Similarly, the Sonderkommandos fight back against their captors even though the odds are strongly against them, exemplifying resistance and courage: “[I]n the battle that ensued, the Sonderkommando resisted ferociously. They had nothing but sticks, stones, and a few revolvers to fight against trained killers armed with automatic weapons” (121). As punishment, the Sonderkommandos are slaughtered en masse, exemplifying the cruel indifference of the Nazi guards, who prioritized order and obedience over human life.
These mass reprisals exemplify the Cruel and Degrading Treatment at Auschwitz-Birkenau, such as after the heavy bombing of a German city, when hundreds of innocent inmates were put to death: “Wherever else the Reich sought revenge, they took it first in our camp with a monstrous selection” (115). The captive inmates become victims of the German soldiers’ frustration, anger, and fear over the events of the war; they represent an “enemy” that can be easily scapegoated and punished, even though they are not at fault for the actions of Allied forces. Lengyel thereby suggests that some of this cruel treatment resulted from the soldiers’ using the inmates as an outlet for their emotional dissatisfaction.

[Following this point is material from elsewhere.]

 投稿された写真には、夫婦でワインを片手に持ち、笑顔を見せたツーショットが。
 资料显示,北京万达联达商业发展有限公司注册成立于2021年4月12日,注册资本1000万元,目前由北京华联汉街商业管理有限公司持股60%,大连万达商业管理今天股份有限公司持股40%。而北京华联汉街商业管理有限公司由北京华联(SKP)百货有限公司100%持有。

Despite the dangers posed by vengeful guards—or perhaps even encouraged by their ruthlessness—the resistance movement in the camp continued to thrive. Lengyel describes how, despite the risk, involvement in the movement was uplifting, as it made her feel that she was doing something useful to aid her fellow inmates and to thwart her captors: “That was enough to give me the strength. I was no longer prey to crises of depression. I even forced myself to eat enough to be able to fight on. To eat and not let oneself become enfeebled—that, too, was a way to resist” (117). Hence, she suggests that despite its risks, her resistance gave her a reason for being and a will to live that ultimately improved her chances of survival.
The Nazis, particularly the commandants in charge of selections, continue to be characterized as ruthless and sadistic, such as Dr. Mengele, who happily taunts a woman about her impending death in the gas chamber:
“Ever been on the ‘other side’?” he asked. “What is it like over there?”

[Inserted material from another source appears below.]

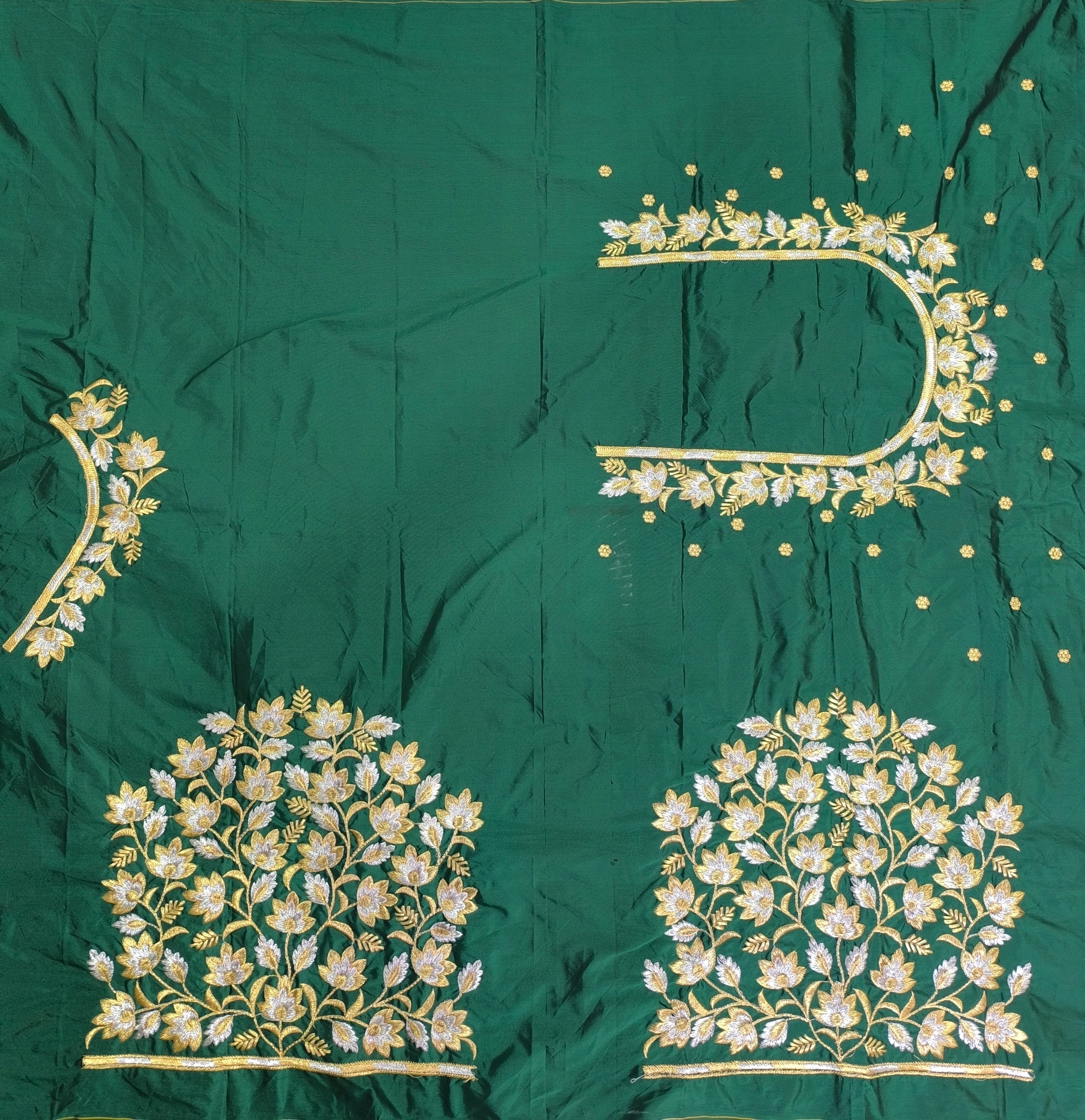 Elevate your ethnic wardrobe with this stunning Green Colour Computer Work Blouse, adorned with intricate floral patterns and elegant gold threadwork. Perfectly crafted, this blouse features:

The poor woman did not know what he meant. She shrugged.
“Don’t worry,” he continued. “You will know very soon!” (109).
Lengyel similarly condemns Irma Griese for her beautiful wardrobe, provided by the murdered masses. It is intentionally jarring that she delights in sending women to the gas chamber, and then benefits from their stolen items: “[H]er closets were crammed with clothing from the finest houses of Paris, Vienna, Prague, Amsterdam, and Bucharest” (110). By discussing the different Nazi officials Lengyel encountered in the camp, she paints a nuanced picture of the different motivations officials had for participating in The Mass Genocide Committed by the Nazis. While Griese was driven by vanity and envy for those more beautiful than her, Lengyel suggests that Dr. Mengele was motivated by sadism and an obsession with exerting power over other human beings.